Fig. 6: Machine learning framework for predicting immunotherapy response and survival outcomes based on TAM subtypes.
figure 6

a Schematic of the machine learning framework. b ROC curves and corresponding AUC values for three feature types in the training and test cohorts. c The corresponding AUPRC values of three feature types in the training and test cohorts. d Kaplan–Meier curves comparing OS between responders and non-responders in the testing cohort. e OS stratified between responders and non-responders in patients in the testing cohort with different cancer types. f Comparison of C-index of multiple prediction models in training and testing cohorts. g, h Feature importance of pro-inflam and pro-tumor TAMs in the integrated TAMs RF model in the testing cohort.

Furthermore, a prolonged OS was consistently observed for patients predicted as ICB responders using our RF-based ML in the test cohort with OS data available (Fig. 6d), regardless of cancer type (Fig. 6e) and treatment regimens (Supplementary Fig. 17a).
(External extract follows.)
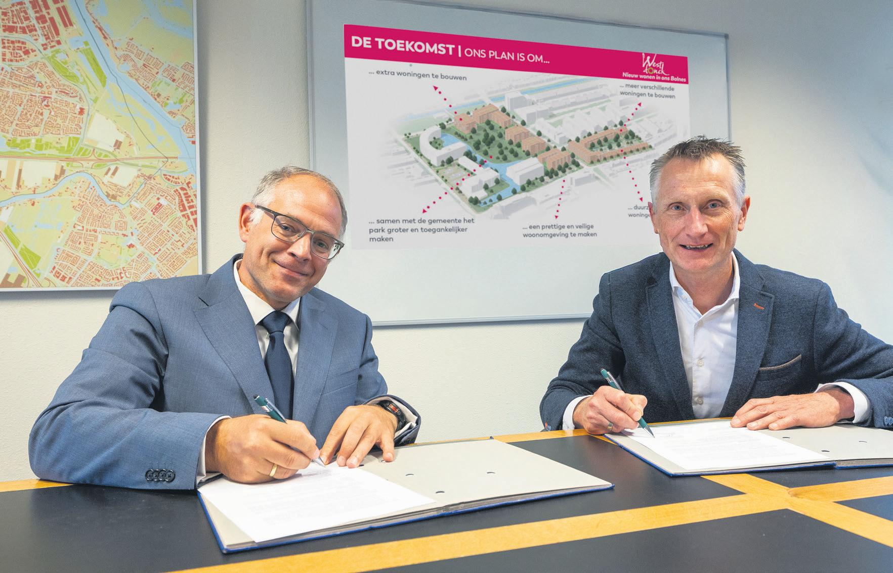Harro Zanting, directeur van Wooncompas, en wethouder Kees van der Duijn Schouten tekenden vorige week overeenkomsten voor de start van project Westdonck.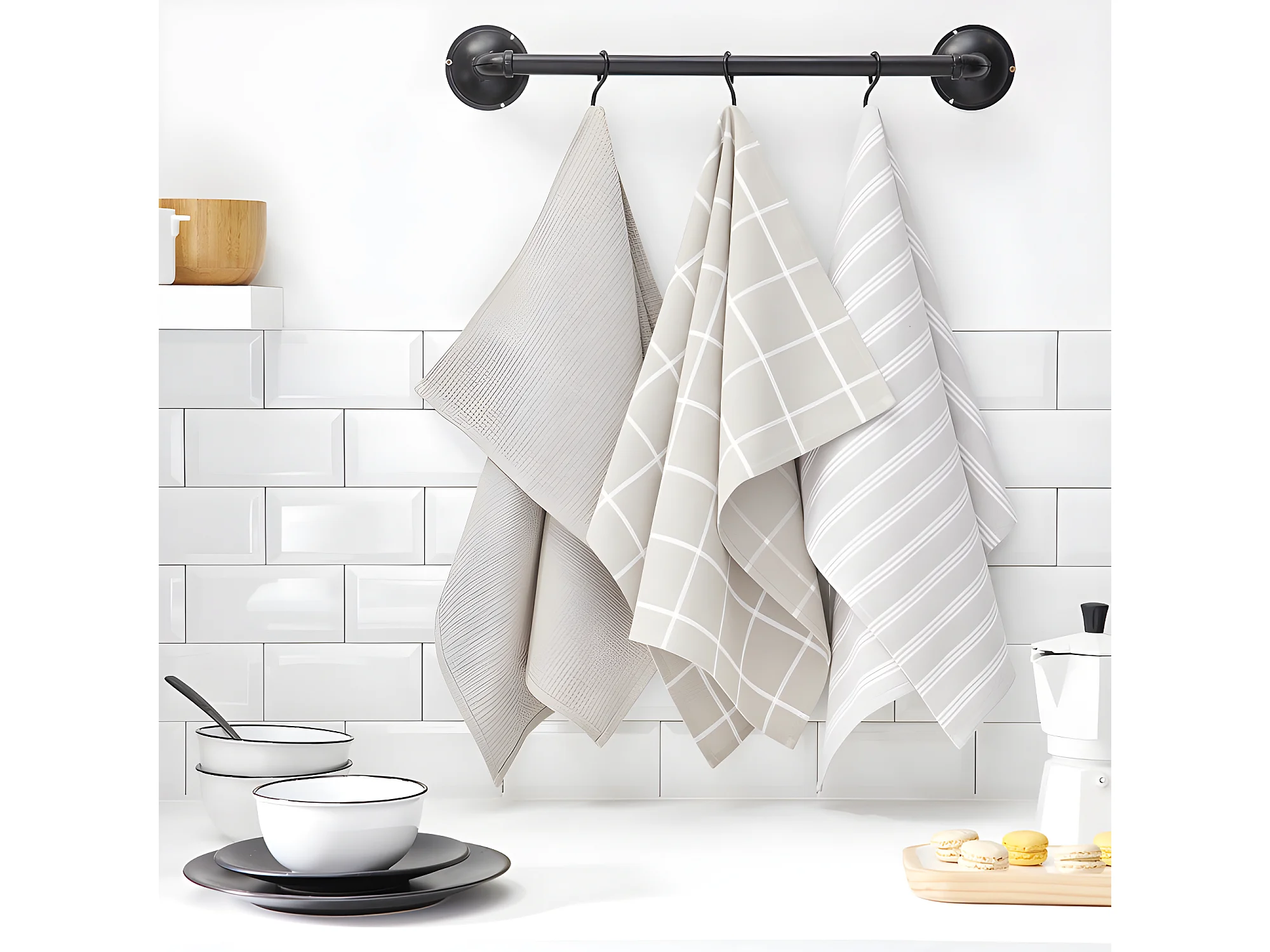 Set van 3 geassorteerde katoenen doeken. Linnen enkele streep

To test whether pro-tumor and pro-inflam TAM signatures could also predict OS, we evaluated the performance of the classical Cox proportional hazards (Cox) model and the random survival forest (RSF) model using the concordance index (C-index) and integrated brier score. We found that the C-index of the integrated TAM RSF model (0.75, 95% CI: 0.72–0.77) was significantly higher than others in the training cohort and that the C-index of the pro-inflam TAM RSF model (0.71, 95% CI: 0.66–0.76) was higher than others in the test cohort (Fig. 6f). Compared with the CXCL9:SPP1 ratio, our integrated model exhibited enhanced prognostic performance (Supplementary Fig. 17b). The integrated TAM RSF model showed good calibration with low Brier scores (Supplementary Fig. 17c). Additionally, the time-dependent AUC suggested that the integrated TAM RSF model had considerable value in predicting OS (Supplementary Fig. 17d).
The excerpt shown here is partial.